# another tire question: pick the best of these



## VTDave (Apr 2, 2008)

I am locked into LT275/65/18, which limits my choices. Long story. Help me pick the best of these for slippery conditions (icy/slushy uphills and high-moisture snow generally):

Cooper Discoverer M+S (studdable)(or knock-off: Arctic Claw XSi, Avalanche)
Blizzak DM-VI (no studs)
Firestone Winterforce LT (studdable)
GY Duratrac (studdable)
Hankook iPike RW11 (studdable)

To my knowledge, these are my ONLY choices. Sorry for another tire thread.
Dave


----------



## kevlars (Feb 11, 2011)

I love my Duratracs. I only run them in the winter. Last season was the first for them. I used Cooper Discoverer ST's before that. They did well in snow. But the Duratracs are excellent in hard packed snow and ice. They are winter rated tire...snowflake on the side.

kevlars


----------



## cubicinches (Oct 19, 2008)

I have trucks with the Cooper Discoverer M & S, and the Hankook ipikes... both are very good tires. Nothing beats Nokian Hakkapeliittas though... not available in 18" though. I went and bought 17" wheels for my 2011 Chevy just so I could run that tire.


----------



## pooleo8 (Nov 8, 2009)

that size is found in the BFG A/T


----------



## scholzee (Nov 9, 2001)

Cooper Discoverer M+S


----------



## 06Sierra (Nov 30, 2008)

I run DuraTracs year round. They are awesome in the winter! If they are going to be dedicated winter tires and you stud them, they would be second to none.


----------



## mmtwin (Jan 14, 2005)

I have been running winerforce for about 10 years. I have dedicated snow tires. I always get them studded. I love them and the price


----------



## kevlars (Feb 11, 2011)

Where do you find Winterforces for a truck? Tire Rack only has smaller sizes.

kevlars


----------



## theplowmeister (Nov 14, 2006)

Of those tires its the Blizzak hands down for traction


----------



## 97S104x4 (Dec 31, 2009)

i hate my goodyear duratracs!! only lasted 15k miles


----------



## kevlars (Feb 11, 2011)

What are you running your Duratrac on? Are they E range tires? Miine have probably 10k on them and they are wearing very well.

Kevlars


----------



## 06Sierra (Nov 30, 2008)

I have seen the winterforce for trucks at sears.


----------



## 91AK250 (Nov 28, 2007)

coopers(studded), blizzaks or winterforce(studded) i own all 3 and love them all.


----------



## ddb maine (Dec 4, 2009)

To continue the discussion, I have heard alot about the Nokian Haakkakapieieltos..... They only come in an 8ply? called the local distributor. Are they that friggen good that its worth stepping down in weight handling?


----------



## ddb maine (Dec 4, 2009)

235/85/16 comes in 10ply. reasonably priced too considering you can only get them from dealers.


----------



## rick502 (Jan 5, 2011)

Dave - Cooper M&S are my favorites - 90% of the traction of the Goodyears or Blizzaks at nearly half the price. They do wear wuickly in summer but all the tires listed will as they are proper snow tires and made with the softer rubber. A couple of my friends are runnning the Winterforce with pretty good results and price is even lower than Cooper. Only down side they report is Winterforce produce a lot of road noise


----------



## cubicinches (Oct 19, 2008)

ddb maine;1311348 said:


> To continue the discussion, I have heard alot about the Nokian Haakkakapieieltos..... They only come in an 8ply? called the local distributor. Are they that friggen good that its worth stepping down in weight handling?

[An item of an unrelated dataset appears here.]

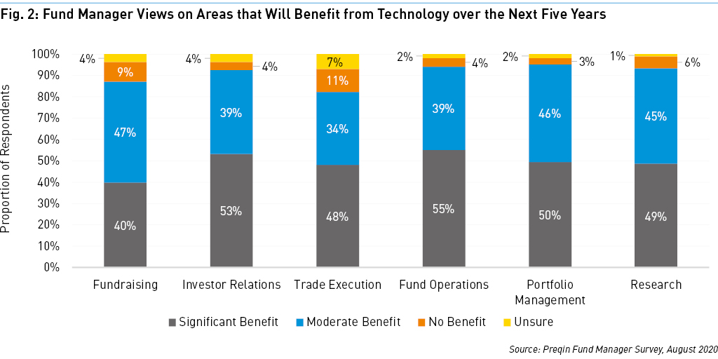 Outside of fund operations and portfolio management, investor relations are another area that could benefit significantly from the use of technology over the next five years (Fig. 2). Some respondents are planning to use AI to automate interactions with existing and potential LPs; the client insights they glean from models enables them to be more targeted in sales and marketing efforts. Some managers are using predictive algorithms to identify specific product cross-sell opportunities, while others have algorithms that can identify clients at risk of redemption for specific strategies, according to McKinsey.

You need a different distributor... They come in ten ply. I buy a set every year.

They are positively unmatched in design. I'm not going to get into what could be a huge argument with these guys here, but if you actually know what makes a snow tire a good snow tire, then it is obvious. They are expensive. And, as far as tread life, they are not for year round use... But if you're looking for traction, nothing else compares... And I've run them all.

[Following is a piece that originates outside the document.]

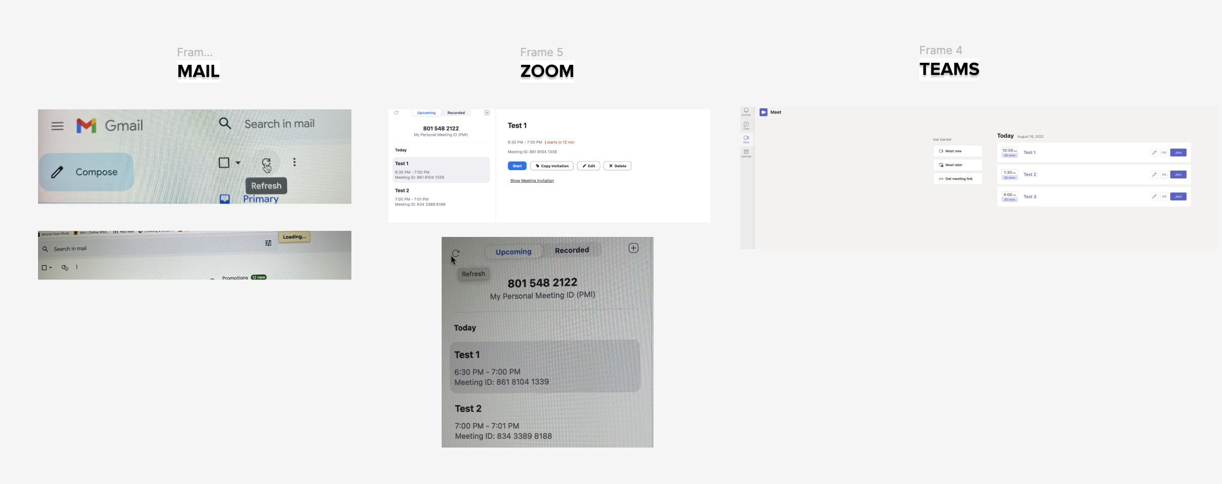 Based on my findings for the refresh behavior in apps like Facebook and Instagram I approached a design where the user could refresh the list by clicking the upcoming meeting button.

Oh... and it's spelled like this: Hakkapeliitta


----------



## rick502 (Jan 5, 2011)

No argument, Hakkapeliitta is great tire. They certainly don't fit every budget though and they aren't available in as wide a variety of sizes like some of the other tires here. Nokian was the first company I know of to offer tires with low void area and high sipe density which along with soft rubber compounds did set them appart from other manufacturers. I do belive other companies have caught on and offer tires with similar or near similar performance for less $


----------



## ddb maine (Dec 4, 2009)

I did find them in a 10 ply, just not in my stock size, but taller and more narrow is better anyways. As for price they are 200+- less than goodyear dura traks and only 150 more than the generals.... thats pretty unbeatable. I think I know whats going on the plowing rims.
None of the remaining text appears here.